-- AVAILABLE DATA follows --
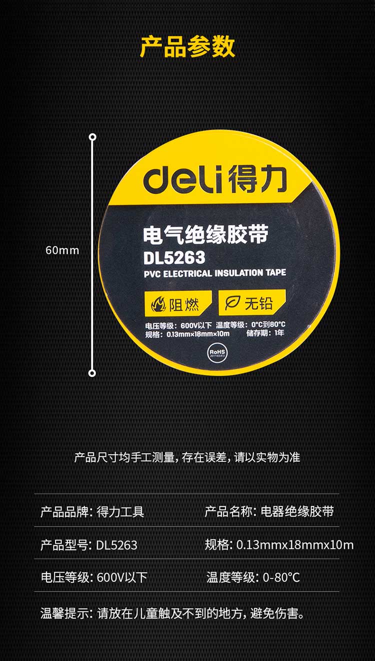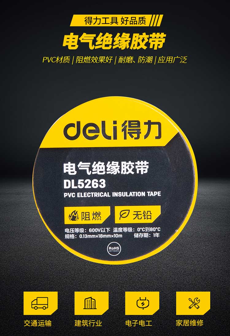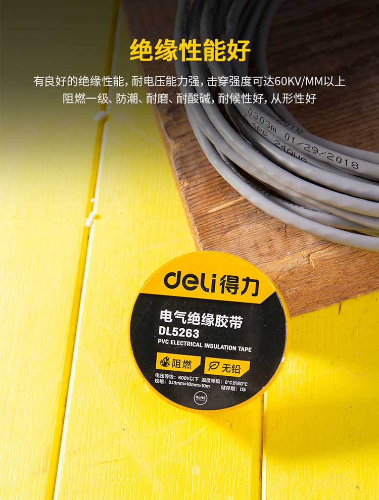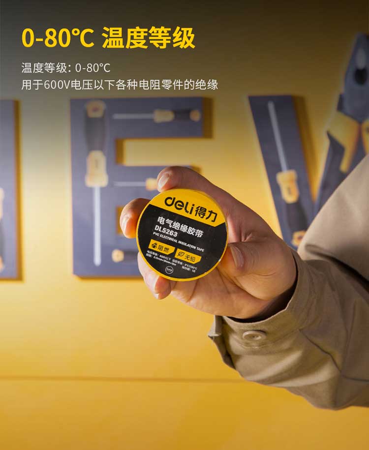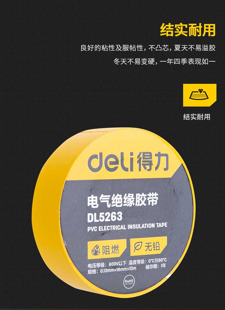 5. 得力绝缘胶布DL5263 黄色
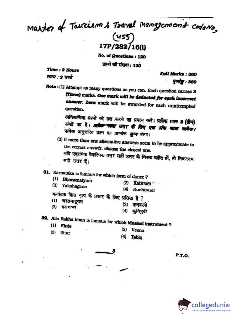 BHU PET 2017 Master of Tourism & Management Question paper with answer key pdf is available for download. The exam was successfully organized by Banaras Hindu University (BHU). The question paper comprised a total of 120 questions.
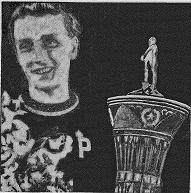 Aleksandra Tchoudina recebe o troféu de campeã mundial em 1956.
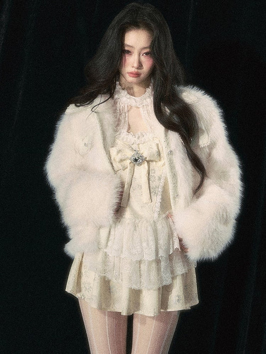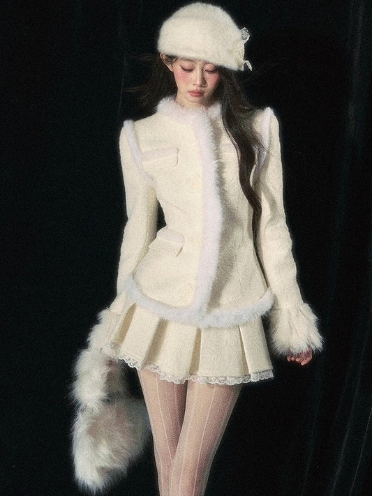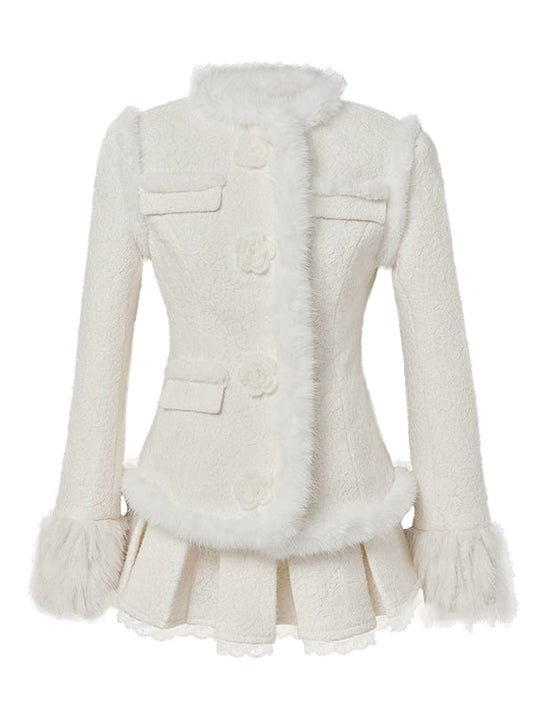 Flower Button Apricot Plush Trim Jacquard Woolen Jacket
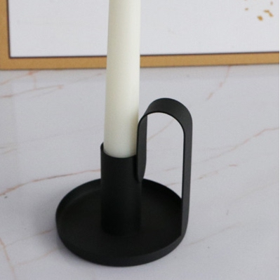 Wrought iron lacquered black candle holder
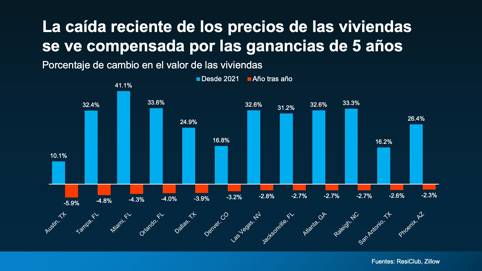 E incluso en los mercados que experimentan ligeras caídas, estas no son suficientes para compensar las grandes ganancias que la mayoría de los propietarios han experimentado en los últimos 5 años (vea la gráfica siguiente):
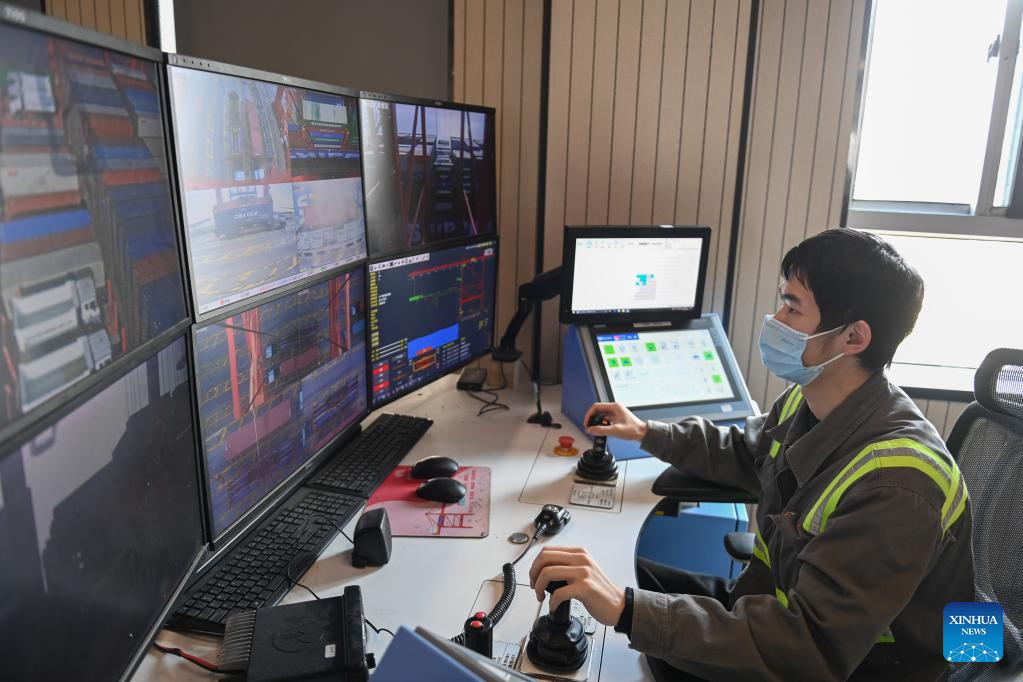 A staff member controls the loading of containers remotely at Ningbo-Zhoushan Port in east China's Zhejiang Province, Dec. 13, 2022. (Xinhua/Huang Zongzhi)
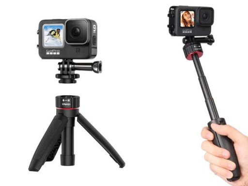 Uchwyt od Ulanzi to urządzenie 2w1 które świetnie sprawdzi się w podróży. Kijek może posłużyć jako Selfie Stick do kamery sportowej lub po rozłożeniu nóżek jako statyw.
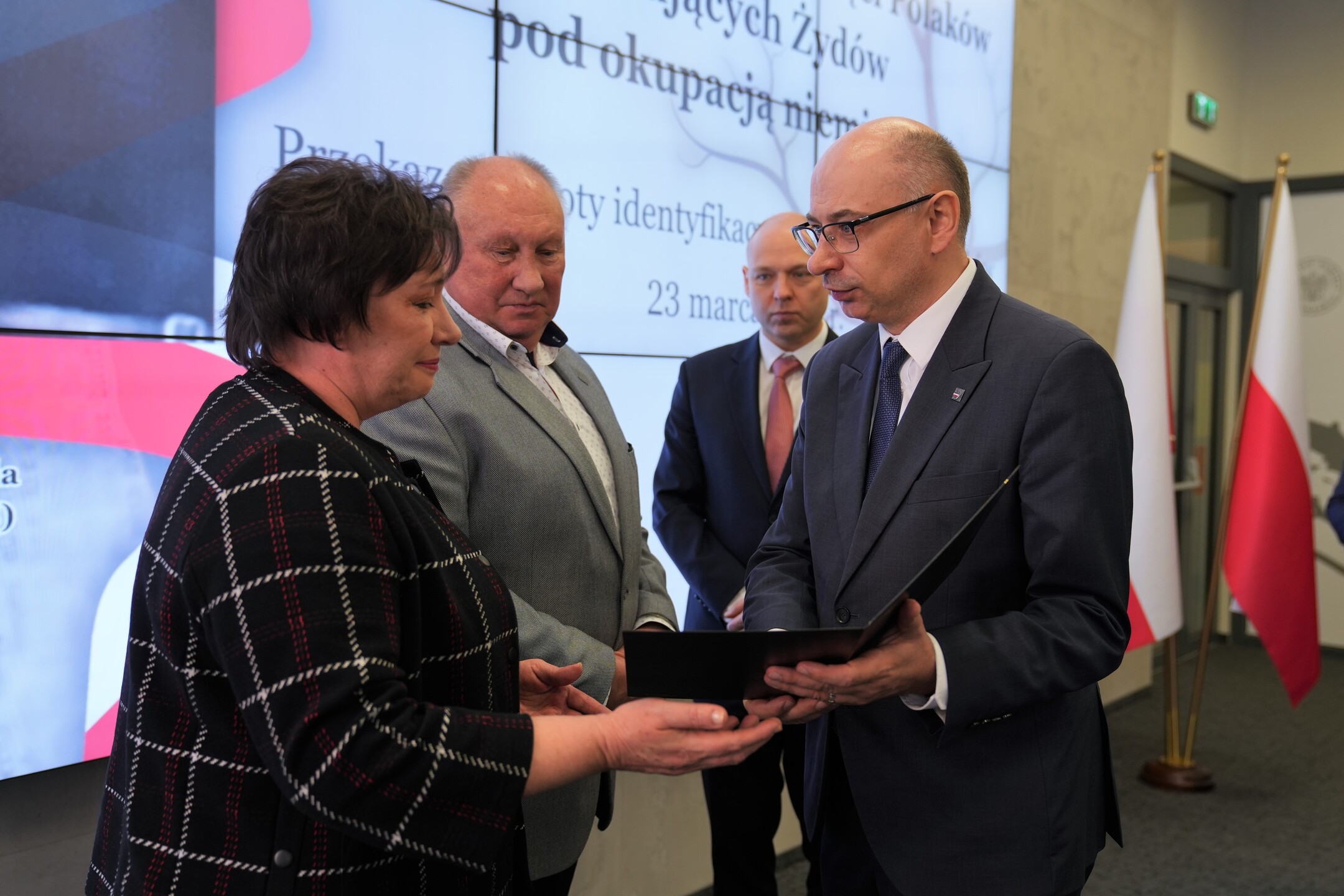 • Rodzina Pochwatków – bohaterowie, którzy ponieśli śmierć za pomoc Żydom. Na zdj. od lewej: zastępca prezesa IPN dr Mateusz Szpytma i dyrektor lubelskiego Oddziału IPN dr Robert Derewenda – Lublin, 23 marca 2026. Fot. Dominik Borek (IPN) Rodzina Pochwatków – bohaterowie, którzy ponieśli śmierć za pomoc Żydom. Na zdj. od lewej: zastępca prezesa IPN dr Mateusz Szpytma i dyrektor lubelskiego Oddziału IPN dr Robert Derewenda – Lublin, 23 marca 2026. Fot. Dominik Borek (IPN)
-- AVAILABLE DATA concluded --
EXERCISE DETAILS >>
An exact reprint of the records above is required, with all pictures left out.

PROBLEM SOLUTION >>
 5. 得力绝缘胶布DL5263 黄色
 BHU PET 2017 Master of Tourism & Management Question paper with answer key pdf is available for download. The exam was successfully organized by Banaras Hindu University (BHU). The question paper comprised a total of 120 questions.
 Aleksandra Tchoudina recebe o troféu de campeã mundial em 1956.
 Flower Button Apricot Plush Trim Jacquard Woolen Jacket
 Wrought iron lacquered black candle holder
 E incluso en los mercados que experimentan ligeras caídas, estas no son suficientes para compensar las grandes ganancias que la mayoría de los propietarios han experimentado en los últimos 5 años (vea la gráfica siguiente):
 A staff member controls the loading of containers remotely at Ningbo-Zhoushan Port in east China's Zhejiang Province, Dec. 13, 2022. (Xinhua/Huang Zongzhi)
 Uchwyt od Ulanzi to urządzenie 2w1 które świetnie sprawdzi się w podróży. Kijek może posłużyć jako Selfie Stick do kamery sportowej lub po rozłożeniu nóżek jako statyw.
 • Rodzina Pochwatków – bohaterowie, którzy ponieśli śmierć za pomoc Żydom. Na zdj. od lewej: zastępca prezesa IPN dr Mateusz Szpytma i dyrektor lubelskiego Oddziału IPN dr Robert Derewenda – Lublin, 23 marca 2026. Fot. Dominik Borek (IPN) Rodzina Pochwatków – bohaterowie, którzy ponieśli śmierć za pomoc Żydom. Na zdj. od lewej: zastępca prezesa IPN dr Mateusz Szpytma i dyrektor lubelskiego Oddziału IPN dr Robert Derewenda – Lublin, 23 marca 2026. Fot. Dominik Borek (IPN)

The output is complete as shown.